The idea here is for an additional flag that also bypasses that alerts, in cases
where a user really needs to put the host into maintenance mode even if that
means causing issues within the cluster.

Fixes: https://tracker.ceph.com/issues/58892
Signed-off-by: Adam King <adking@redhat.com>
(cherry picked from commit 0a980666f645387f1eaa5f2c995db304c42e85e6)

doc/cephadm/host-management.rst
src/pybind/mgr/cephadm/module.py
src/pybind/mgr/cephadm/tests/test_cephadm.py
src/pybind/mgr/orchestrator/_interface.py
src/pybind/mgr/orchestrator/module.py

index 08fdea281d045bda431c5103ef2b7d81c8589ebd..189e16abec2b29bf69a5bc5598265fa22f4b4305 100644 (file)

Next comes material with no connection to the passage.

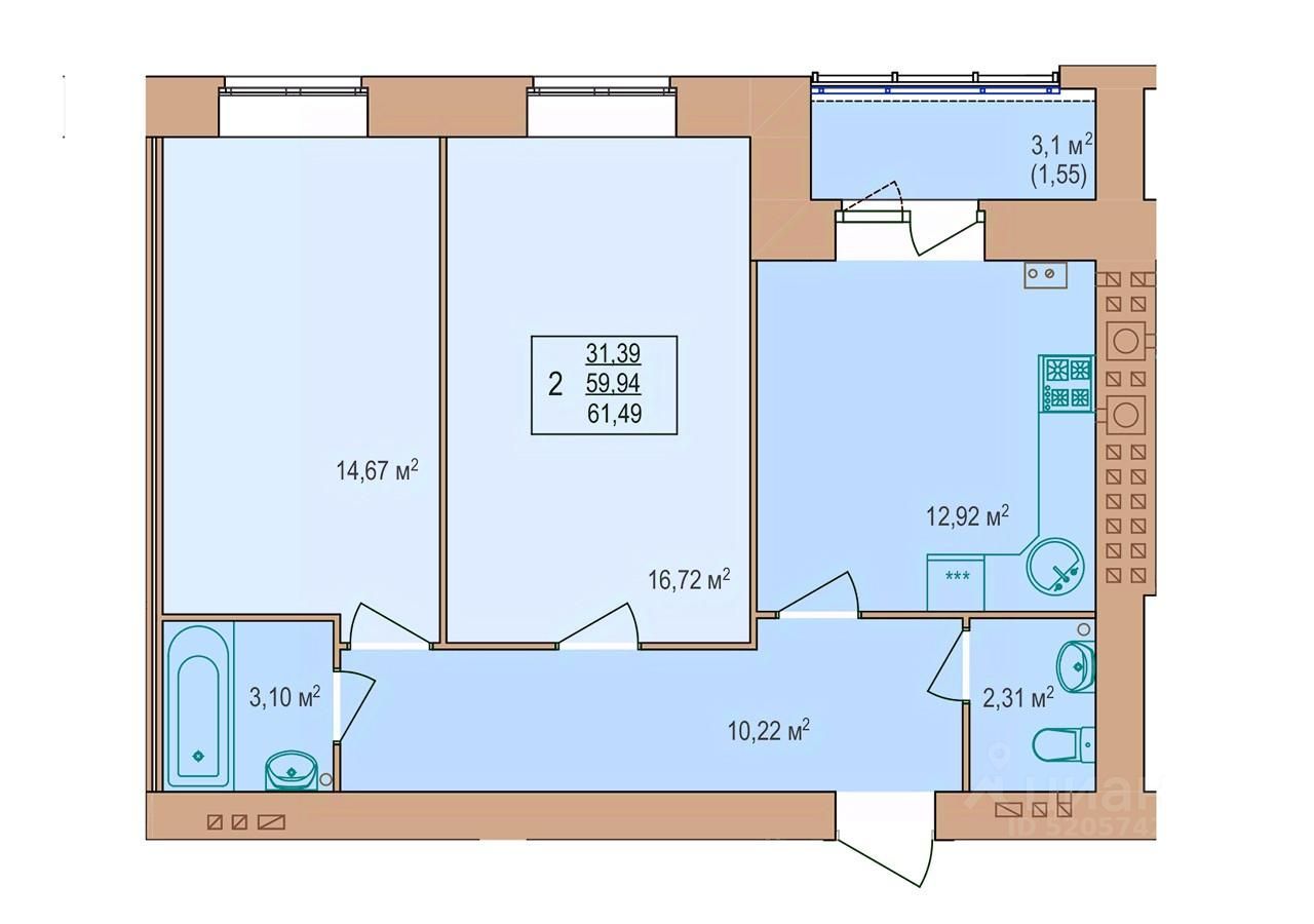 2-комн. квартира, 61,49 м²

@@ -206,10 +206,18 @@ Place a host in and out of maintenance mode (stops all Ceph daemons on host):
 
 .. prompt:: bash #
 
-   ceph orch host maintenance enter <hostname> [--force]

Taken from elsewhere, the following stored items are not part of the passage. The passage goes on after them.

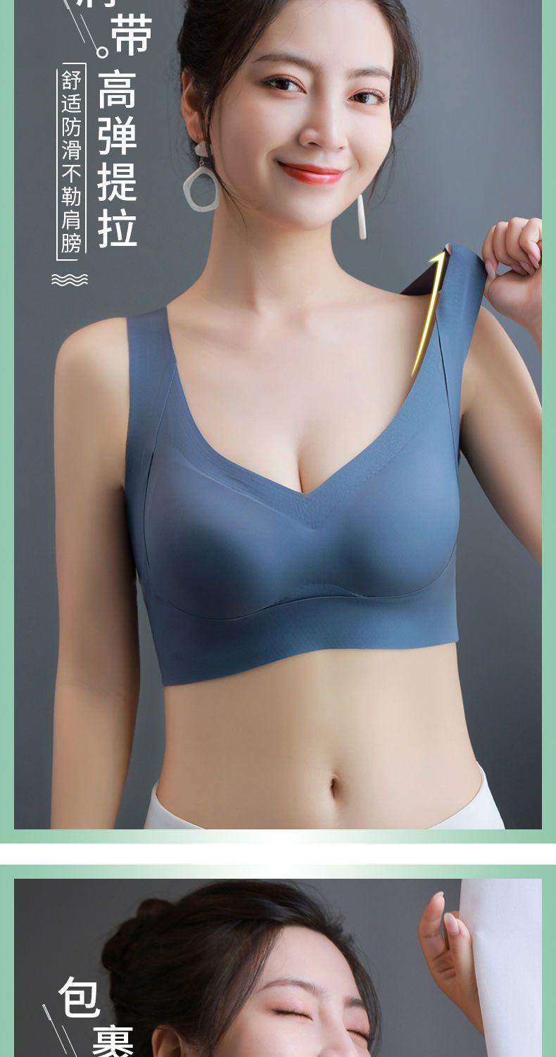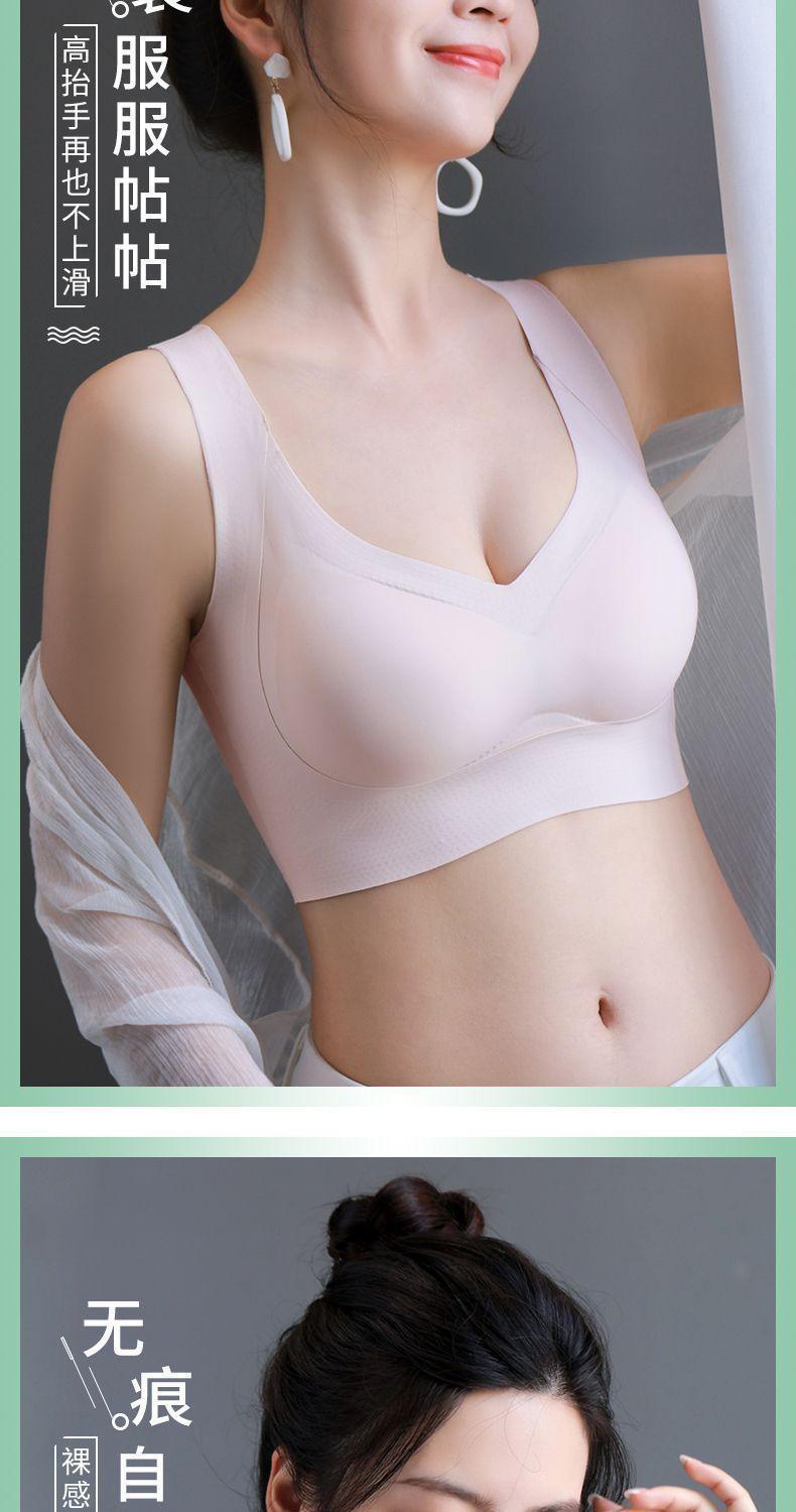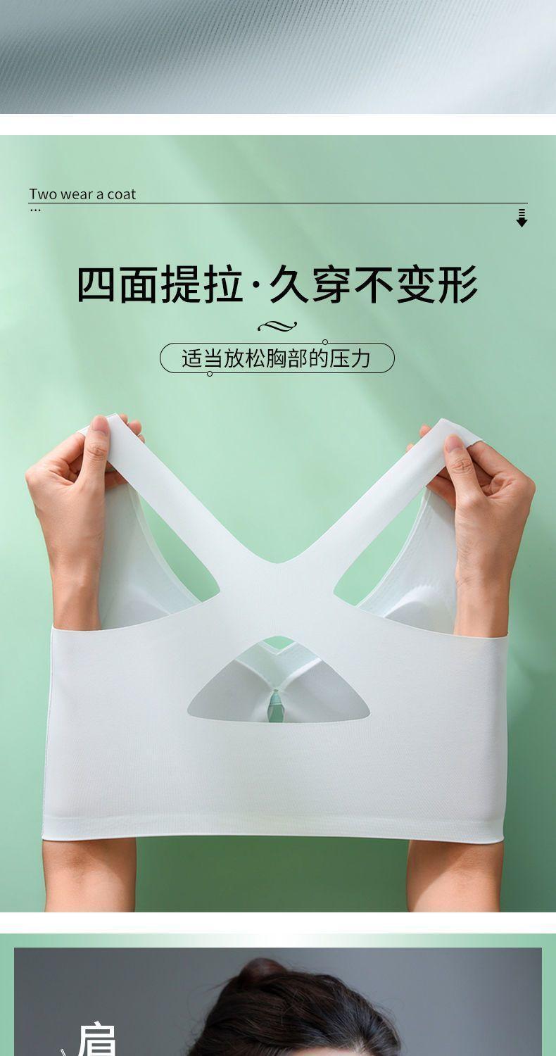 冰丝无痕聚拢上托交叉美背文胸女无钢圈大胸显小薄款大码运动内衣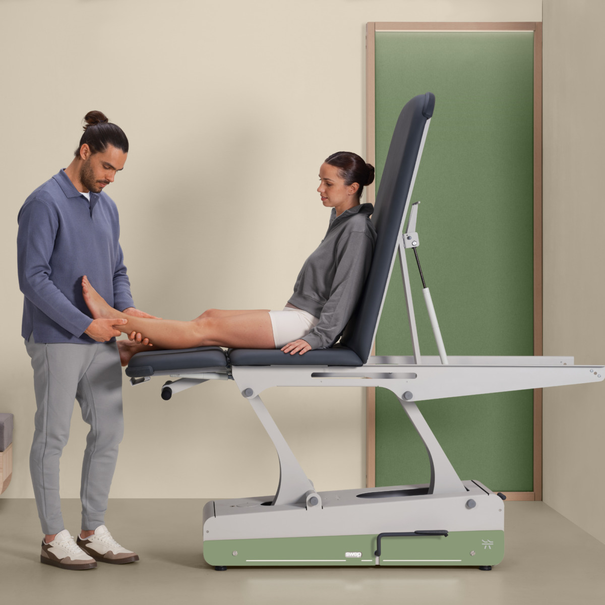 Het onderstel is standaard uitgerust met een houten paneel en sfeervolle LED verlichting. Hiermee creëer je een sfeervolle en warme ambiance in jouw behandelruimte. Extra mooi in combinatie met het verwisselbare SWOP paneel.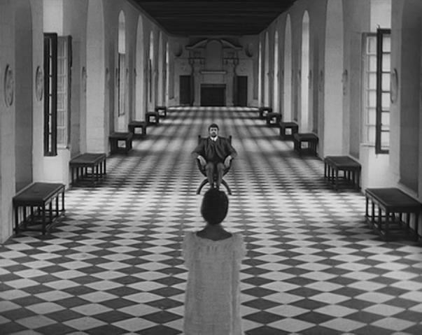 The film then trails into Debussy’s final years, when illness and ennui sent him into seclusion, and he continued his work on a piece based on Poe’s The Fall of the House of Usher. Twelve years of tortuous work imagining a man, Roderick Usher, with whom he completely identified, yielded only “two or three sheets of music.” Russell creates a wonderfully evocative, short horror film in which Reed moves through an enormous, empty castle. He is met in a geometric hall not by the risen ghost of Usher’s sister, but rather by images of Gaby and Lily, the women he wronged, as the final strains of “La Mer” yield to the funeral procession set up in the first scene of the film.

+   ceph orch host maintenance enter <hostname> [--force] [--yes-i-really-mean-it]
    ceph orch host maintenance exit <hostname>
 
-Where the force flag when entering maintenance allows the user to bypass warnings (but not alerts)
+The ``--force`` flag allows the user to bypass warnings (but not alerts). The ``--yes-i-really-mean-it``
+flag bypasses all safety checks and will attempt to force the host into maintenance mode no
+matter what.
+
+.. warning:: Using the --yes-i-really-mean-it flag to force the host to enter maintenance
+   mode can potentially cause loss of data availability, the mon quorum to break down due
+   to too few running monitors, mgr module commands (such as ``ceph orch . . .`` commands)
+   to be become unresponsive, and a number of other possible issues. Please only use this
+   flag if you're absolutely certain you know what you're doing.
 
 See also :ref:`cephadm-fqdn`
 
index 27ddbd5490e53b3b57b861b7eb2ebc7c7ab86890..4de7083c3ec8553008bfffe0c4b5b876723e94a1 100644 (file)
@@ -1755,7 +1755,7 @@ Then run the following:
 
     @handle_orch_error
     @host_exists()
-    def enter_host_maintenance(self, hostname: str, force: bool = False) -> str:
+    def enter_host_maintenance(self, hostname: str, force: bool = False, yes_i_really_mean_it: bool = False) -> str:
         """ Attempt to place a cluster host in maintenance
 
         Placing a host into maintenance disables the cluster's ceph target in systemd
@@ -1767,11 +1767,14 @@ Then run the following:
 
         :raises OrchestratorError: Hostname is invalid, host is already in maintenance
         """
-        if len(self.cache.get_hosts()) == 1:
+        if yes_i_really_mean_it and not force:
+            raise OrchestratorError("--force must be passed with --yes-i-really-mean-it")
+
+        if len(self.cache.get_hosts()) == 1 and not yes_i_really_mean_it:
             raise OrchestratorError("Maintenance feature is not supported on single node clusters")
 
         # if upgrade is active, deny
-        if self.upgrade.upgrade_state:
+        if self.upgrade.upgrade_state and not yes_i_really_mean_it:
             raise OrchestratorError(
                 f"Unable to place {hostname} in maintenance with upgrade active/paused")
 
@@ -1785,7 +1788,7 @@ Then run the following:
             # daemons on this host, so check the daemons can be stopped
             # and if so, place the host into maintenance by disabling the target
             rc, msg = self._host_ok_to_stop(hostname, force)
-            if rc:
+            if rc and not yes_i_really_mean_it:
                 raise OrchestratorError(
                     msg + '\nNote: Warnings can be bypassed with the --force flag', errno=rc)
 
@@ -1794,7 +1797,7 @@ Then run the following:
                                                                                 ["enter"],
                                                                                 error_ok=True))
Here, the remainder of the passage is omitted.